- **Work instruction**
Copy the lines below exactly, starting at the one with "Keywords: Amphora olive-gathering" and ending at the one with "Mojito Men's 100%", and leave out any picture.

- **Extracted records**
__________

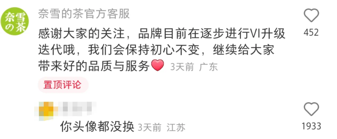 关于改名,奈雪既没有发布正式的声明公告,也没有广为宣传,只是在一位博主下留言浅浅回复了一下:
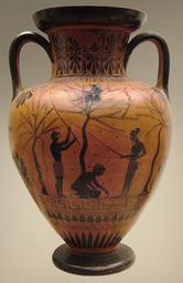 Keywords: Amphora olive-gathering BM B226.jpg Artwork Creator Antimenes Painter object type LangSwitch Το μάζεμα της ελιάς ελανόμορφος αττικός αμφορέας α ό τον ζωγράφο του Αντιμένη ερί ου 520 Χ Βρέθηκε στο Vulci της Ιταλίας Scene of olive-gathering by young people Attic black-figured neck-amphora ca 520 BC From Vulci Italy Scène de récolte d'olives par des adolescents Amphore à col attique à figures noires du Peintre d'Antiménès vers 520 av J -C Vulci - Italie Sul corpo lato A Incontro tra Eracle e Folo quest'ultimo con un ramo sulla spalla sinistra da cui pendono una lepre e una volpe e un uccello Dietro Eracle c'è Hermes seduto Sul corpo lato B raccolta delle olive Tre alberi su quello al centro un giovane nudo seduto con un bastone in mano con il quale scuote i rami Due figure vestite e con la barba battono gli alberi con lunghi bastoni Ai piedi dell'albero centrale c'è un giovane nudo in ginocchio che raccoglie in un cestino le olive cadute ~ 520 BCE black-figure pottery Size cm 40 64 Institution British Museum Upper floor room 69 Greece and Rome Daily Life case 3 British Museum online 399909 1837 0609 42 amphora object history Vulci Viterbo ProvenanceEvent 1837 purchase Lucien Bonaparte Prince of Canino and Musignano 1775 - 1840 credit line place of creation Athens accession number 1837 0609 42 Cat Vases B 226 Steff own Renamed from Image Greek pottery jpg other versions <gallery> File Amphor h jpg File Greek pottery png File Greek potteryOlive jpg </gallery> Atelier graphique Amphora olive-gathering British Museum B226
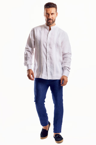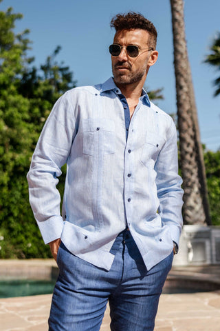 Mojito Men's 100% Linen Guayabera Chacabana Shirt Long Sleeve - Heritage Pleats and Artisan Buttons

__________

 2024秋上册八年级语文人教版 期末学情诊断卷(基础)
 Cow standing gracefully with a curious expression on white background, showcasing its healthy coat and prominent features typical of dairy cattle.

__________

- **Response to this task**
 Keywords: Amphora olive-gathering BM B226.jpg Artwork Creator Antimenes Painter object type LangSwitch Το μάζεμα της ελιάς ελανόμορφος αττικός αμφορέας α ό τον ζωγράφο του Αντιμένη ερί ου 520 Χ Βρέθηκε στο Vulci της Ιταλίας Scene of olive-gathering by young people Attic black-figured neck-amphora ca 520 BC From Vulci Italy Scène de récolte d'olives par des adolescents Amphore à col attique à figures noires du Peintre d'Antiménès vers 520 av J -C Vulci - Italie Sul corpo lato A Incontro tra Eracle e Folo quest'ultimo con un ramo sulla spalla sinistra da cui pendono una lepre e una volpe e un uccello Dietro Eracle c'è Hermes seduto Sul corpo lato B raccolta delle olive Tre alberi su quello al centro un giovane nudo seduto con un bastone in mano con il quale scuote i rami Due figure vestite e con la barba battono gli alberi con lunghi bastoni Ai piedi dell'albero centrale c'è un giovane nudo in ginocchio che raccoglie in un cestino le olive cadute ~ 520 BCE black-figure pottery Size cm 40 64 Institution British Museum Upper floor room 69 Greece and Rome Daily Life case 3 British Museum online 399909 1837 0609 42 amphora object history Vulci Viterbo ProvenanceEvent 1837 purchase Lucien Bonaparte Prince of Canino and Musignano 1775 - 1840 credit line place of creation Athens accession number 1837 0609 42 Cat Vases B 226 Steff own Renamed from Image Greek pottery jpg other versions <gallery> File Amphor h jpg File Greek pottery png File Greek potteryOlive jpg </gallery> Atelier graphique Amphora olive-gathering British Museum B226
 Mojito Men's 100% Linen Guayabera Chacabana Shirt Long Sleeve - Heritage Pleats and Artisan Buttons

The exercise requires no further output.